We have to find all possible integer values of a and b where the difference of the squares of $a$ and $b$ is $924$ and then we have to discover which numbers CANNOT be written as the difference of two perfect squares?

The use of a spreadsheet lends itself to systematic exploration of number, in this case squares and differences of squares. Students from Bourne Grammar School who worked hard on this question would have gone further had they used spreadsheets.

We know that

$$(a^2 - b^2) = (a - b)(a + b)$$

It is always true that $(a - b)$ and $(a + b)$ must both be even or both odd. If they are both even then the product is a multiple of $4$. If they are both odd then the product is odd. So even numbers which are not multiples of $4$ cannot be written as the difference of two squares.

As $924 = 2 \times2 \times3 \times7 \times11$ we know that $(a - b)$ and $(a + b)$ must both be even. From this we can write down and solve pairs of simple equations to find $a$ and $b$ using all the combinations of prime factors of $924$ which give pairs of even factors.

The solution below from Soh Yong Sheng, Raffles Institution, Singapore uses a different method based on the fact that the square of any number is the sum of consecutive odd numbers

$$n^2 = 1 + 3 + 5 + ... (2n - 1)$$

and so the difference of two squares is the sum of consecutive odd numbers.

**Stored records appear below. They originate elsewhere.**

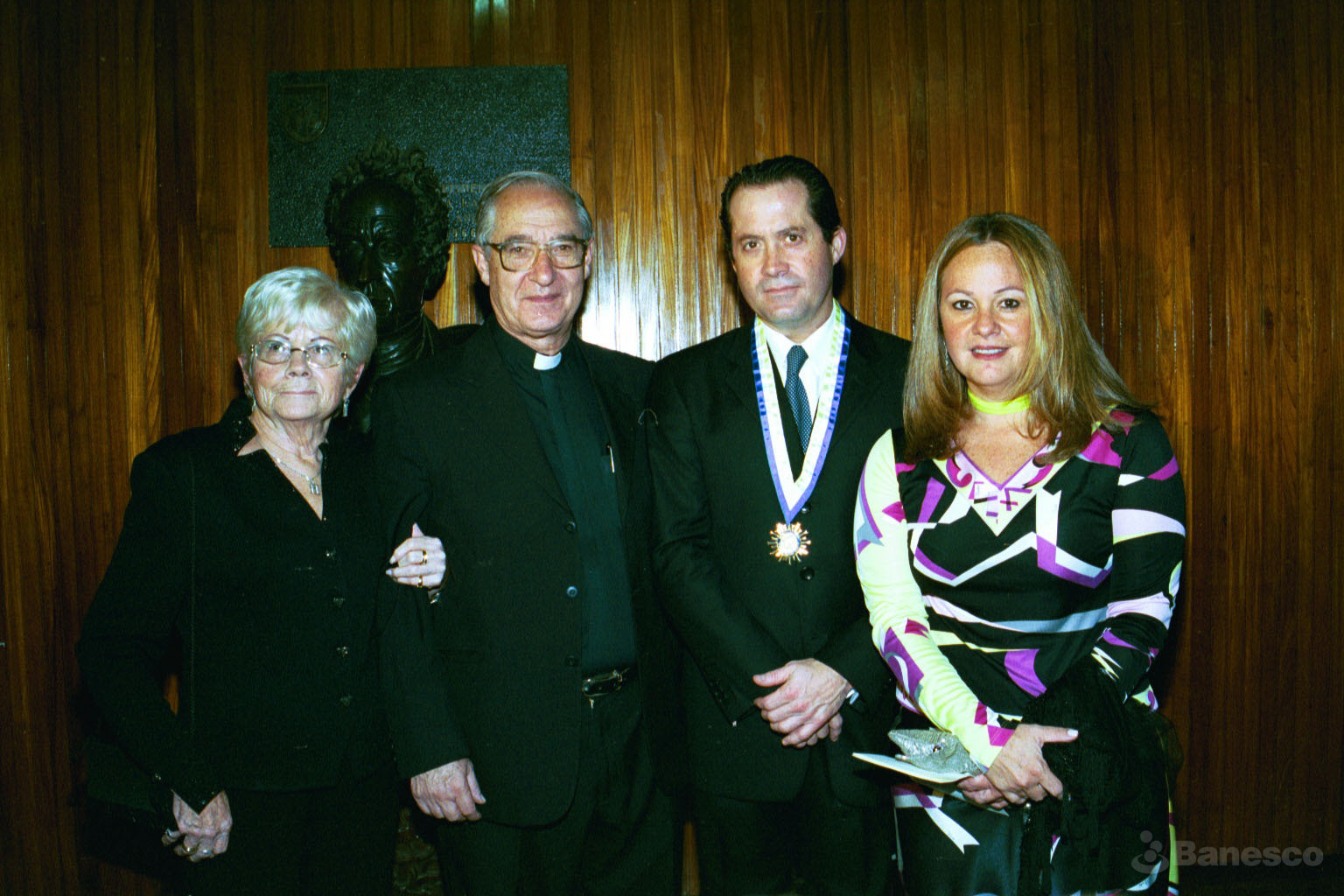 Miembros de la familia de Juan Carlos Escotet Rodríguez junto al Rector de la Universidad Católica Andrés Bello Luis Ugalde, a las afueras del auditorio en el marco del reconocimiento otorgado a Banesco Banco Universal, por su contribución al fortalecimiento institucional de la Asociación Venezolana de Educación Católica (AVEC).
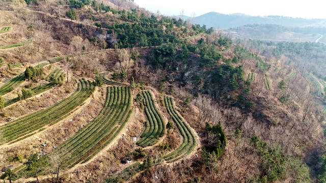 随后,记者来到位于深山中的大梁山有机茶园,越冬棚已全部撤去,褪去了冬日“外衣”的茶树更显舒展。北方春日迟,虽已至阳春三月,但茶山仍裹挟着几分冬末的清冽。多数草木尚未返青,唯有松树与茶树新绿肆意铺展,勾勒出半黄半绿的春日茶山生机画卷。
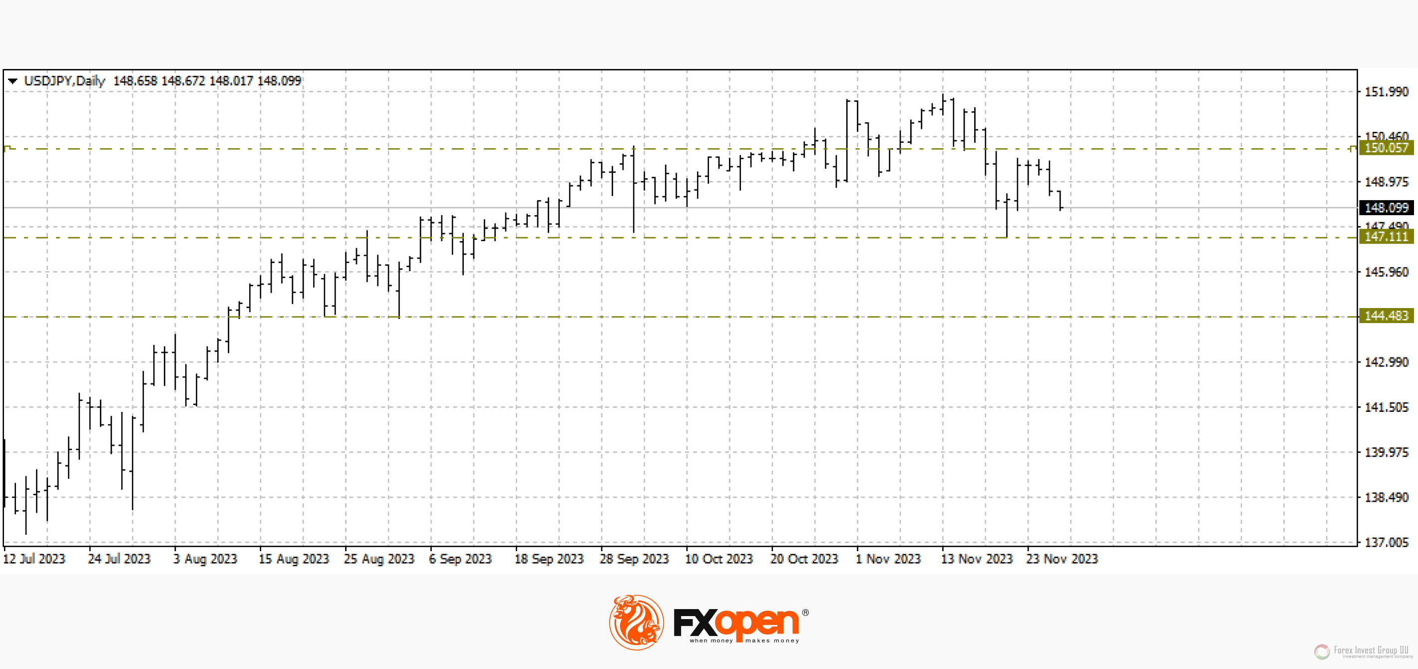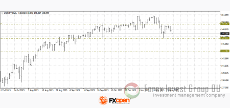 Охлаждение рынка труда в США и снижение инфляции способствуют усилению медвежьих настроений по доллару. Все больше участников рынка испытывают уверенность в том, что самый агрессивный цикл ужесточения ставок за последние пару десятков лет позади, и ФРС может снизить базовую процентную ставку уже в первом квартале 2024 года. Банк Японии наоборот длительное время придерживается политики ультранизких процентных ставок, и если решит изменить текущий вектор монетарной политики, пара доллар/иена может понести значительные потери.

Many numbers can be expressed as differences of 2 squares, but exactly which? It is known that

$1=1 (1^2)$
$1+3=4 (2^2)$
$1+3+5=9 (3^2)$
$1+3+5+7=16 (4^2)$
$\ldots$
$1+3+\ldots+n= ((n+1)/2)^2 $

Using this, we try to find the sums of consecutive odd numbers that add up to $924$ which will tell us $a$ and $b$.

Case of $2$ odds
$924 = 461 + 463$
$a= 464/2 = 232$, $a^2 = 53824$, $b= 230$, $b^2 = 52900$. One possible solution.

Case of $4$ odds
$924 = 229 + 231 + 231 + 233$ so this is impossible.

Case of $6$ odds
$924=149+151+153+155+157+159$
$a = (159 + 1)/2 = 80$, $a^2 = 6400$, $b = (149-1)/2 = 74$, $b^2 = 5476$. A possible solution.

Cases of $8$, $10$ and $12$ odds impossible

Case of $14$ odds
$924=53+55+57+59+61+63+65+67+69+71+73+75+77+79$
$a= 80/2 = 40$, $a^2 = 1600$, $b = (53-1)/2= 26$, $262 = 676$. Another solution.

Cases of $16$, $18$ and $20$ odds are impossible

Case of $22$ odds

$924=21+23+25+27+29+31+33+35+37+39+41+43+45+47+49+51+53+55+57+59+61+63$
$a = 64/2 =32$, $a^2 = 1024$, $b = (21-1)/2$, $b^2 = 100$ Another solution.

This gives the pairs $(232, 230)$, $(80, 74)$, $(26, 40)$ and $(64,10)$

The solutions can also be negative integers $a = \pm232$ and $b = \pm 230$ etc. giving sixteen solutions in all.